ALSO ON SLAM!
Monday, January 10, 2000
Scare of their lives
Young Barron Smith felt sick to his stomach.
His dad lay in the hospital bed, his upper body immobilized by an imposing steel brace.
He turned to mom Sheri with tears in his eyes.
"Mom, I never want to play hockey again," said the eight-year-old. "I'm done."
Hockey was what had put his dad in that hospital bed.
It was what kept mom up all night in tears, fearing for her husband's health.
It was what made 10-year-old daughter Alex jump out her seat at the Saddledome the night before, frantically jumping over people to get down to the ice where her dad lay motionless.
Hockey gave Alex the nightmares that came whenever she tried to close her eyes.
Yesterday, those fears were eased somewhat when Smitty was able to move his arms and legs, and even walk shakily into the shower.
But he remained in Foothills Hospital last night because, with any injury to the spinal cord, there are precautions that have to be taken. What's at risk is paralysis.
Smith will undergo more tests today but despite his reacquiring feeling in his legs and arms, doctors want to ensure there is nothing wrong.
But the experience has been a nightmare for the Smith family, wife Sheri and kids Alexandria, Barron, Nicole, 5, and Tanner, 3.
The family visited last night, toting along a burger, fries and shake from Dad's favourite fast food joint -- Peter's Drive-In.
But the sight of dad only partially immobilized eased the kids' fears.

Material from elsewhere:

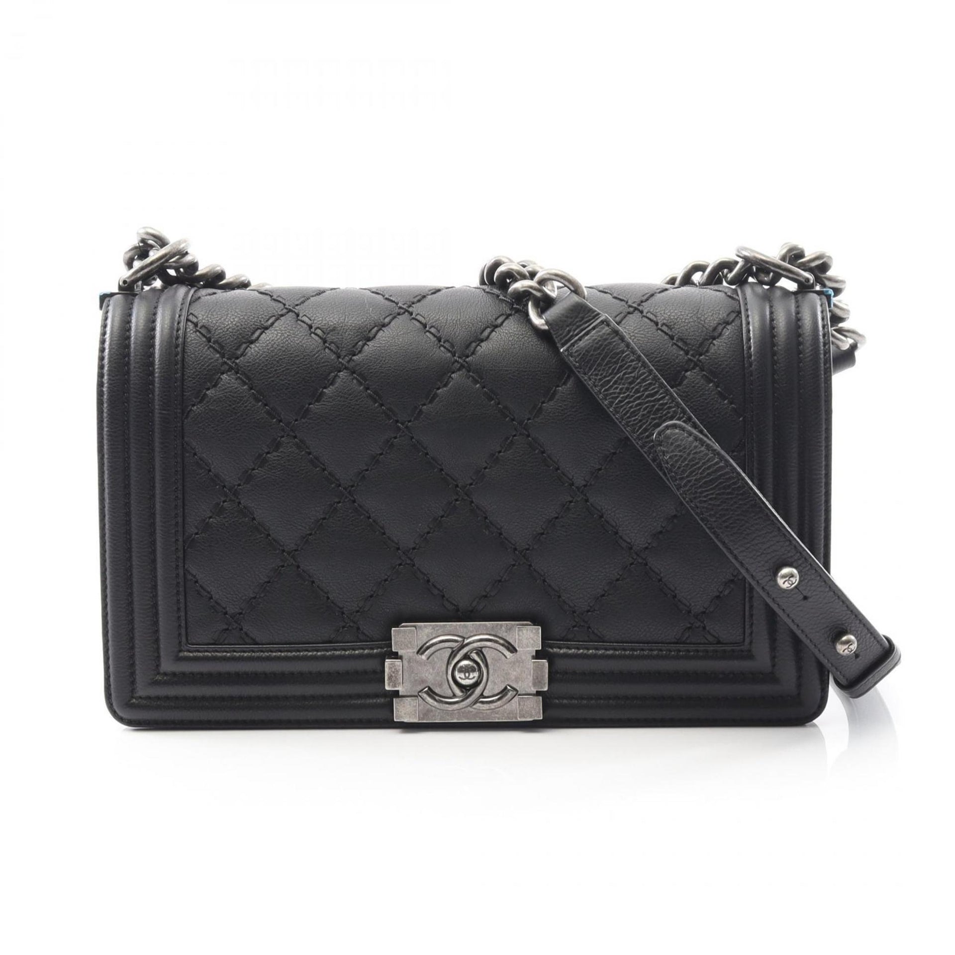 CHANEL Boy Chanel Shoulder Bag, Leather, Women\'s, Black, A67086

"I was a mess when it happened," said Sheri, who was at the game with daughter Alex.
"Alex was going crazy -- I said to Steve that was the hardest thing. What do you tell your kids?
"I helped him get up and get a shower. He never slept at all through the night.

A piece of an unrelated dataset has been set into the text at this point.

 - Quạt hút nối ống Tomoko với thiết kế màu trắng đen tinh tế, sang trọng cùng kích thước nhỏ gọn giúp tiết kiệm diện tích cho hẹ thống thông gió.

"When I went in at 11 p.m., they had him sitting up a little bit on the bed. His forehead was taped to the bed -- people running around everywhere looking at him -- it was scary.

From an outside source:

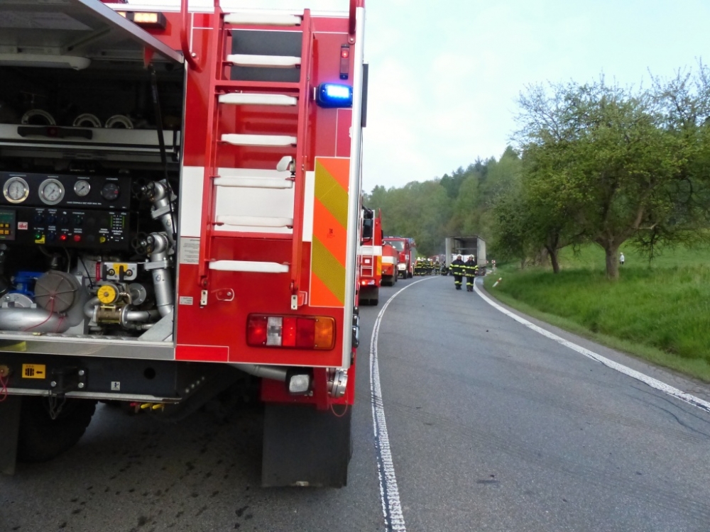 Požár kamionu komplikoval dopravu na Liberecku. Foto: HZSLK

"It was like seeing one of those trauma emergency room shows on television -- except we were in it."
Smith was hurt when teammate Bobby Dollas accidentally collided with him, jamming his head back and hyper-extending the neck.
Trainer Terry Kane was on the ice quickly, already suspecting the injury.
"As soon as I saw it, I jumped because I knew almost intuitively what it was -- I don't even know if the whistle had gone," said Kane, who immediately called for the team doctors.
The Flames medical staff, who practise such protocols, has to be given credit for the speed and skill of their response.
"He said he couldn't feel his arms or legs and we knew then exactly what we had to do," said Kane.
Spinal cord injuries can, of course, cause paralysis.
Those fears have been lessened, but the results of testing are still unknown, as is the extent of Smith's injury.
He's expected to be released today, pending those test results.
Whether Smith will play again this season, or if at all, is a decision that can only be made in time.
Coach Brian Sutter knows what Smith is going through.
When he played in St. Louis, he was hit in the back of the neck by a Guy Lapointe slapshot.
"I went down and couldn't feel my arms or legs -- I knew exactly what Steve was going through," said Sutter.
"I didn't know if I would ever walk again, but after about four hours, the feeling came back.
"But I remember the worst part was worrying about my wife Judy, who was eight months pregnant with Shaun. It was much worse for her, and my feelings went out to them when I saw Sheri and Alex watching Steve get taken off on the stretcher."
We'll know better today how Smitty will be -- early indications are he will be OK.
But that is little consolation to the Smith family. Few of us can imagine what it's like for a son or daughter to see their dad in that condition.
"I asked Barron what he wants to be now that he doesn't want to play hockey," said mom Sheri of her son's pledge to quit the sport he loves. "He wants to be an astronaut now. Can't he pick something safer?"
Perhaps his dad's return to health will inspire little Barron Smith to return to hockey.
But after what he's seen his Dad endure, who can blame him if he doesn't?
Even an eight-year-old can see no game is that important.